Start of INPUT RECORDS

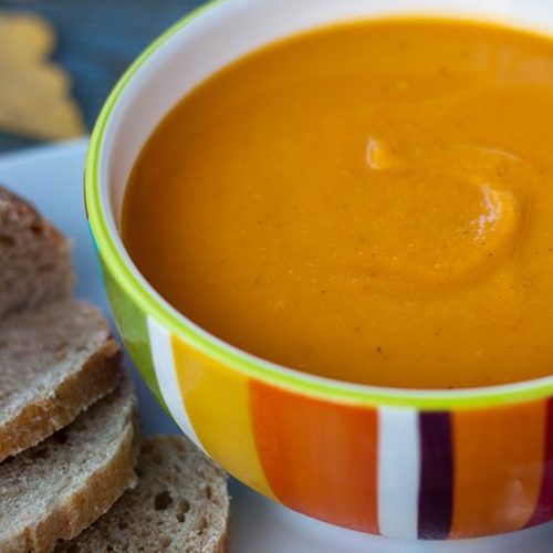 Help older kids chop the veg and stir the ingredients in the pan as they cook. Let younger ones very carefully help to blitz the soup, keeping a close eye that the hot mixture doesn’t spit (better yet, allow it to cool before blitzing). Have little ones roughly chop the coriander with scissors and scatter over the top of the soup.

End of INPUT RECORDS
Start of INPUT RECORDS

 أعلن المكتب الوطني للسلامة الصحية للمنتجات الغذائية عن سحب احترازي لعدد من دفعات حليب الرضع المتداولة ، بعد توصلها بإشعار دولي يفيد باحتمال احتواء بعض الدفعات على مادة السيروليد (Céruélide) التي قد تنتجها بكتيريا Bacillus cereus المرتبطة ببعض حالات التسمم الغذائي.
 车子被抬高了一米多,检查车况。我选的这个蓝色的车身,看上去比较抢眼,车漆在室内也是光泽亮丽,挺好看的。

End of INPUT RECORDS
Start of INPUT RECORDS

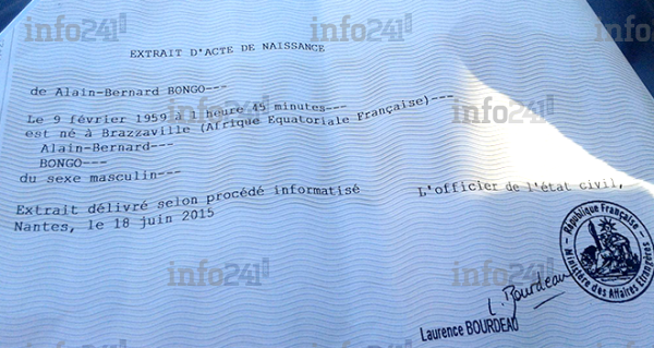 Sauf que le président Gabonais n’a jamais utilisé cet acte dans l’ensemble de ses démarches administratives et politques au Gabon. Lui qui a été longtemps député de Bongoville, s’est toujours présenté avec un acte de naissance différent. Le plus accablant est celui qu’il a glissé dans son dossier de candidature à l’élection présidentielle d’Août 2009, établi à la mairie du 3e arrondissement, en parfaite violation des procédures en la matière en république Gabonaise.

End of INPUT RECORDS

* [WHAT NEEDS TO BE DONE] Working from the material above, restate word for word the lines between the line with "أعلن المكتب الوطني" and the line with "车子被抬高了一米多,检查车况", both included, and only those.

* [OUTPUT BELOW]
 أعلن المكتب الوطني للسلامة الصحية للمنتجات الغذائية عن سحب احترازي لعدد من دفعات حليب الرضع المتداولة ، بعد توصلها بإشعار دولي يفيد باحتمال احتواء بعض الدفعات على مادة السيروليد (Céruélide) التي قد تنتجها بكتيريا Bacillus cereus المرتبطة ببعض حالات التسمم الغذائي.
 车子被抬高了一米多,检查车况。我选的这个蓝色的车身,看上去比较抢眼,车漆在室内也是光泽亮丽,挺好看的。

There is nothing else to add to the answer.